The archbishop and Bishop Justice issued a joint statement reiterating their and the U.S. bishops’ longstanding support for immigration reform, and referred to recent statements by Salt Lake City Bishop John Wester, chairman of the U.S. Conference of Catholic Bishops’ Committee on Migration.
Rosa said she, her husband and 22-year-old daughter are fighting deportation on expired visas. Three younger children, ages 19, 8 and 5, were born in this country, and she is waiting for her 19-year-old son to turn 21 so he can apply for residency for the rest of his family.
In the meantime, a 6 a.m. raid and threat of deportation, after more than 10 years of legal attempts to stay, has the family living on edge.
“The American Dream is becoming an American nightmare,” said Rosa, who said she came to the U.S. from Mexico in 1989.
She reports to the Immigration and Naturalization Service each month, via a deal worked out by a new attorney. The family had worked with another attorney from 1997 until the deportation raid earlier this year, she said.

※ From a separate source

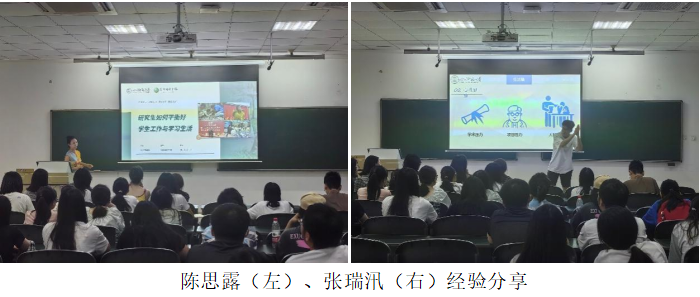 9月12日下午,学院2025年研究生新生“第一课”——高年级经验交流讲座顺利召开。学院邀请到两位优秀的朋辈学长学姐作为典型来分享他们在科研、求职等方面的经验。陈思露同学以“研究生如何平衡好学生工作与学习生活”为题,围绕“课程学习、科研训练、学生工作三条主线与新生交流,鼓励新生”抓住每一次展现自我、提升自我、锻炼自我的机会”。张瑞汛同学以“研究生生存指南”为主题,用幽默的语言抛出新生最关心的“科研方向”“文献阅读”“心理健康”等方面问题,并结合自身经历给出建议。在互动环节,两位主讲人就“怎样适应研究生生活”以及“如何平衡学生工作与学习生活”等问题与新生展开讨论,现场气氛轻松热烈。

Rosa said she employs 28 people in a business. “Since we have come to this country we have worked hard, paid taxes.”
The U.S. bishops support rewriting the immigration system “to bring the 11 million undocumented out of the shadows, register them with the government, require them to pay a fine and any taxes owed, and require them to learn English and work as they wait in the back of the line for a chance for citizenship,“ Bishop Wester said in a recent interview with Our Sunday Visitor Newsweekly, which was cited in the San Francisco bishops’ written statement.
The U.S. bishops also support an increase in family-based and employment-based visas so that immigrant families could migrate to the United States in a safe, legal and controlled manner, and not be subject to the abuse of human smugglers or to death in the desert, the bishops said.
The U.S. bishops believe that the “broken U.S. immigration system contributes to the exploitation of migrant workers in the workplace; their abuse by ruthless smugglers; and their deaths in the desert as they seek to find work to support their families,” Bishop Wester said.
"They come illegally because there are insufficient visas under the current system to come legally," he said. "Our system contains only 5,000 permanent visas for unskilled laborers to come to the United States, but the demand for their work is much higher, since as many as 300,000 undocumented people each year are absorbed into the U.S. work force."
“We know and respect these good people because they pray in our churches with us and they send their children to our schools,” Archbishop Niederauer and Bishop Justice said in their statement.
“Many of them are undocumented. Many have been here for decades, raised families, started businesses," they said. "It is our belief as their pastors that they should be given a chance to right the wrong of their undocumented status.”